Push-ups & Pull-ups (A Work In Progress)

Well, this is turning out to be a challenging week. My friend’s advice all boiled down to repetition, and correcting my posture for push-ups (I wasn’t keeping my back straight). So, everyday I’ve been going by the park after work and using the pull-up bars for a little bit. For now, I am focusing on doing a flexed arm hang, with a very slow controlled release down. My arms are on fire after doing a few holds, but the amount of time I can hold myself up for has gone from about 15 seconds, to 30 seconds, and I’m pretty pleased with that. Also, I can now do a pull-up from a dead hang! I haven’t quite mastered the controlled descent after that, but it’s a start. Swimming has been essential this week to keep my muscles from knotting up too much. I’ve been trying to go everyday for 20-40 min to do some laps at a relaxed pace to keep everything loose and in-line.

For the push-ups I have been practicing holding positions at various points in the push-up (peak, middle, and lowest point).
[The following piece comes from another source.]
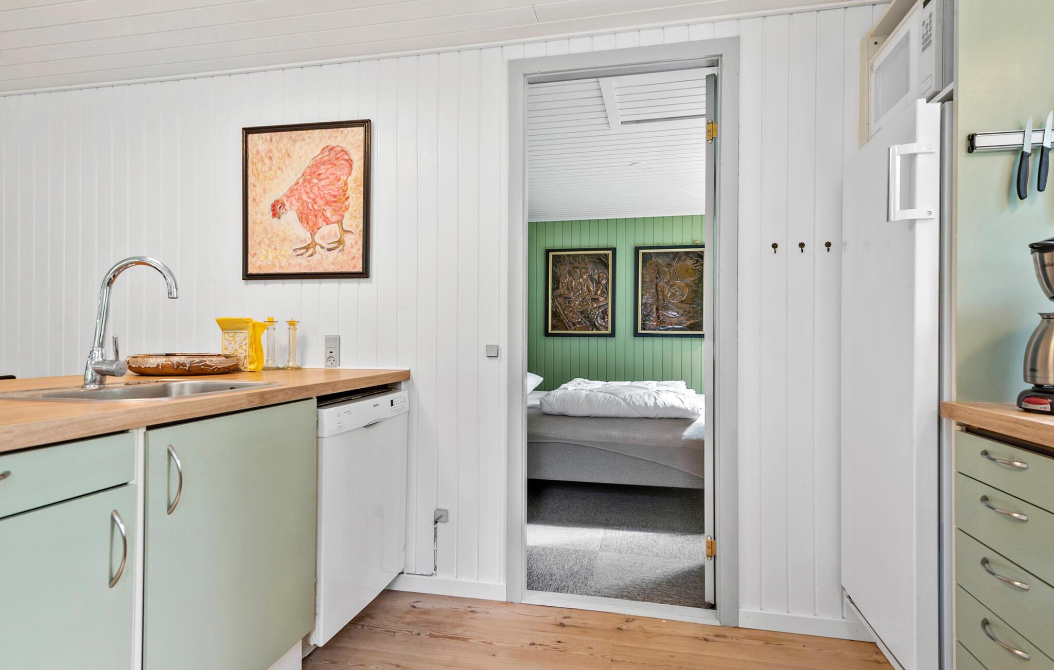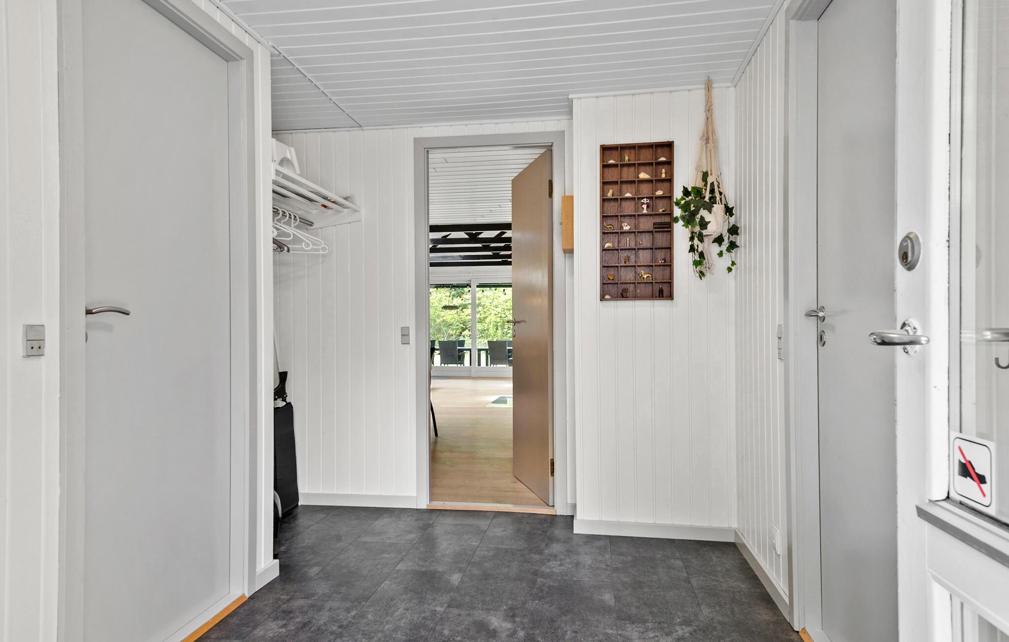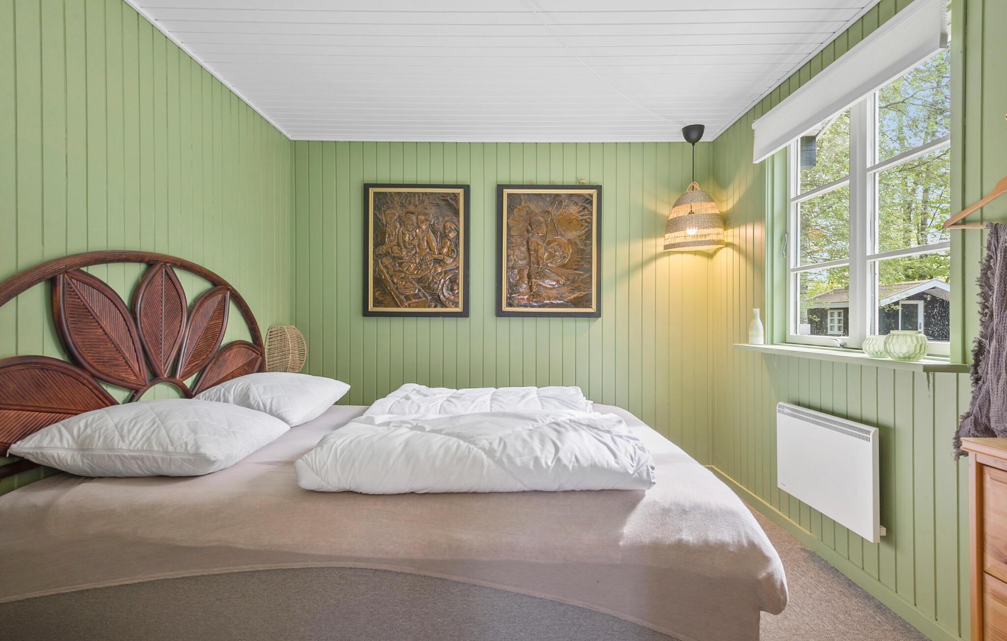 Das komfortable Haus empfängt Sie in schöner Lage auf einem von Bäumen umgebenen Grundstück. Die hellen Räume mit ruhiger Farbgebung und dekorativen Balken im Wohnbereich bilden einen gemütlichen Rahmen, in dem Sie den Alltag weit hinter sich lassen können. Entspannen Sie hier mit schönem Blick in die Natur durch große Panoramafenster. Machen Sie es sich mit einem Film oder Spielen auf dem Sofa gemütlich und genießen Sie die Urlaubsabende, während Sie bis spät am Kaminofen plaudern.

Holding myself in the lowest position is still incredibly hard, but I am noticing some improvement with each day. One thing that my friend recommended was practicing planking to strengthen my back so that I can hold a straight body line for push-ups more easily. My roommate got a kick out of coming home to me planking between the arms of our two couches.  I’m not sure how much this helps, but I get a kick out of it, and it makes sense, so why not? I can now do 4 consecutive push-ups without thinking my shoulders are going to fall off, shooting for 10 by the end of the week!